I Dare You To Make A Pizza Night–Sauce

The Make a Pizza Night Post will appear Sunday around 7pm–at which point this sentence will turn into a link

I’m serious, man.   Make a pizza tonight.

Picture stolen from some chick on tumblr


Sauce.  You can get some damn fine sauce at the store, but part of the joy of pizza is the path you take to get there, so I offer this.

Get a 28oz can of the best damn tomatoes you can buy.  San Marzano tomatoes.  Or, if you’re like us, get some frozen tomatoes from the deep freeze or a jar of self-canned tomatoes from the pantry shelf–if using the latter, a small can of good quality tomato past speeds the process.  In a pinch, you can use puree, but that’s cheating.  Of course, we’ll be cheating ourselves tonight on one of our pies–I’ve got a jar of locally made sauce from Labriolla’s Italian Deli & Grocery–and cheating is perfectly acceptable.  Abandon any recipe that calls for adding sugar.

While your crust is rising….

28oz tomatoes, fresh or canned, or puree
tomato paste if you want
olive oil
1 head of garlic
salt, pepper,
parsley, basil, oregano as desired
Heat 2 tablespoons of olive oil on medium low heat in a large skillet, being careful not to scorch or burn the oil (you’ll smell it if you do, in which case just wash out the pan and start again being more careful and using less heat.)

Roughly mince about 4 cloves of garlic (or more if you’re feeling it, or less if you’re–well, there’s no need for insults) and toss it into the olive oil.  Cook it just long enough that the garlic releases its scent–I don’t know how else to explain it, because I’m not a trained cook, but sauteed garlic reaches a point where it releases a puff of sweet, garlicky goodness–pay attention and you’ll notice for yourself.  That scent means that it is perfectly done, and another 30 seconds will ruin it.  Get it off the heat, or get your tomatoes in there.

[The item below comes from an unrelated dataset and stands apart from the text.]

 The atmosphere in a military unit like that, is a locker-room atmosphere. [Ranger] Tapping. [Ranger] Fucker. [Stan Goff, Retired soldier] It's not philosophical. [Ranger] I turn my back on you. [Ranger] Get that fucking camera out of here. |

Put your tomatoes into the skillet and stir to mix in the olive oil and garlic.  Add an optional half cup of a hearty, clean wine–whatever you’ve got handy or open.  Then settle in, and stir every few minutes, until the sauce is reduced.  It will turn darker as you cook–that’s the sugars in the tomatoes changing.  I have an old Italian sauce recipe that calls for cooking all day until it turns brownish, the sugars partially carmelized, but we don’t need that for a nice, wholesome tomato sauce.  If the sauce does get too thick, simply add water a teaspoon at a time until you get a good consistency.  When you’re nearly done, add a tablespoon each of fresh finely chopped parsley, basil, and two teaspoons of oregano, a pinch of black pepper, and a scant teaspoon of salt–and cook it for about 5 more minutes–you’ll get a much better, fresher taste from your herbs this way than if you cooked them all along with the sauce. If you’re using dried oregano, leave it out of the sauce and just sprinkle it very lightly over the cooked pizza when you’re done.  Some people cook onions or peppers in their sauce–don’t.  Better to dice them and add them as a topping.

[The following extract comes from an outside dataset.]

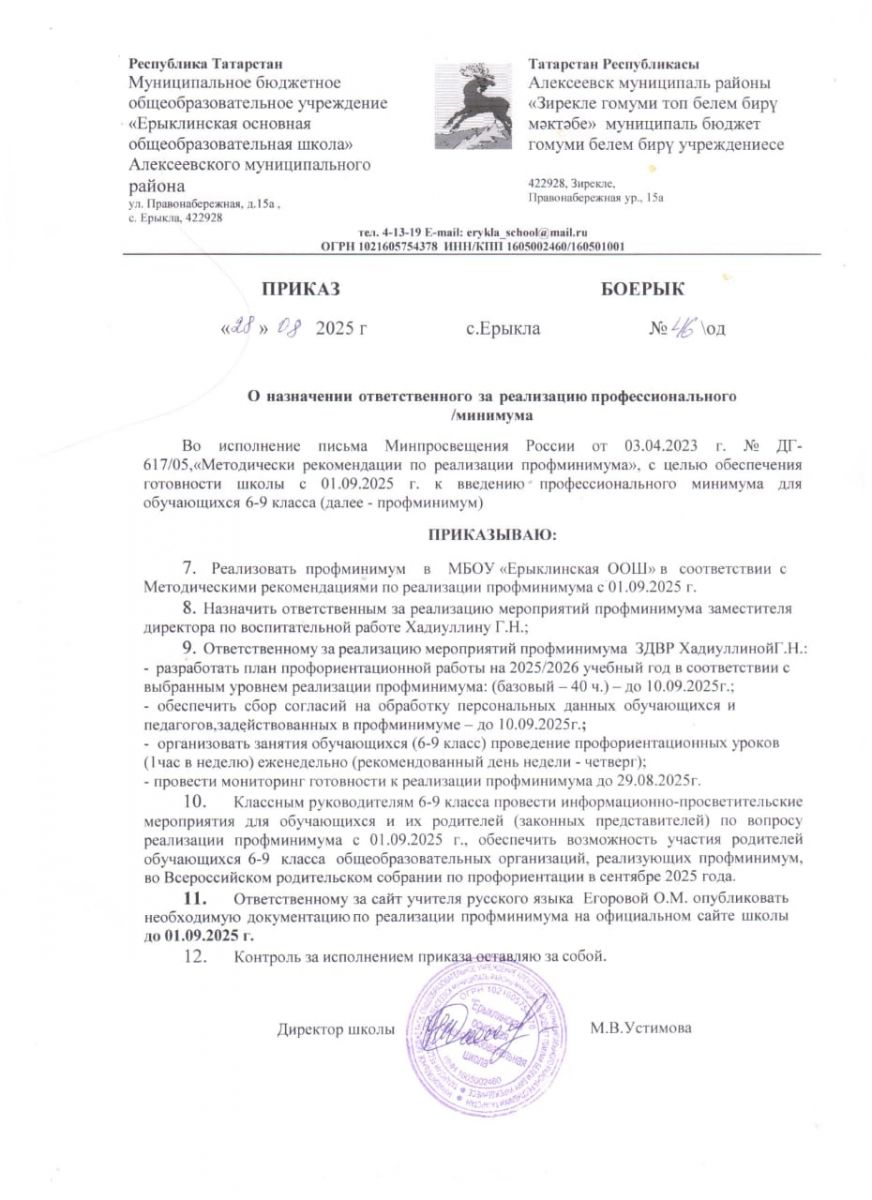 Муниципальное бюджетное общеобразовательное учреждение «Ерыклинская основная общеобразовательная школа» Алексеевского муниципального района Республики Татарстан/Татарстан Республикасы Алексеевск муниципаль районы «Зирекле гомуми топ белем бирү мәктәбе» муниципаль бюджет гомуми белем бирү учреждениесе
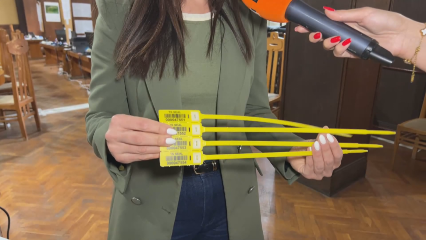 Маргарита Събева, зам.-председател на РИК - Бургас: "Всяка една избирателна комисия в страната ще получи по една такава жълта пломба, която представлява "свинска опашка". Трябва да я пазят, защото ще я използват накрая при опаковането на белия чувал. Пломбата се поставя накрая, на финала, след опаковането на чувала, след завързването му с хартиена лента."

3 responses to “I Dare You To Make A Pizza Night–Sauce”

  1. I cheat on my sauce. I’ve never made it with canned tomatoes. Instead, I just start with canned tomato sauce, add some fresh garlic, salt and pepper, and the herbs and let it simmer for an hour or two. Your comment about adding the herbs at the end may be worth a try at some point.

    The other thing I do when I have enough basil in the garden is to make pesto. One of my kids absolutely loves pesto as the sauce for his pizza. I do as well every now and then. One of my difficulties is that everybody in the family likes things a little different. So, I end up making an individual pizza for everybody. The wife prefers olive oil and garlic instead of sauce or pesto. And she’ll have just about any topping except for sausage and onions. My oldest always wants the same thing — pepperoni, prosciutto, and olives. For a while he also liked mushrooms, but has changed. My youngest just wants the meats, no veggies. And I’m a minimalist. Just give me a bit of prosciutto and I’m happy, except for every now and then when I add some onions, sausage, linguica, or something else.

    I think that’s one of the great things about pizza … there are an infinite number of variations to the thing. Enjoy yours tonight.


    1. We must be like long lost brothers. We have at least 40 pounds of pesto frozen in meal-sized portions in ziploc bags in the deep freeze. My wife is a crazy mad pesto chef–we’ll eat a large portion of that through the course of the year. I used jarred sauce this time from this place: http://www.labriolaitalianmarkets.com/products.asp?cat=13


      1. The massive amounts of frozen pesto … once upon a time, a co-worker mentioned freezing it in ice cube trays. So, when I have plenty of basil, that’s what I do. Makes for nice little chunks of pesto for later.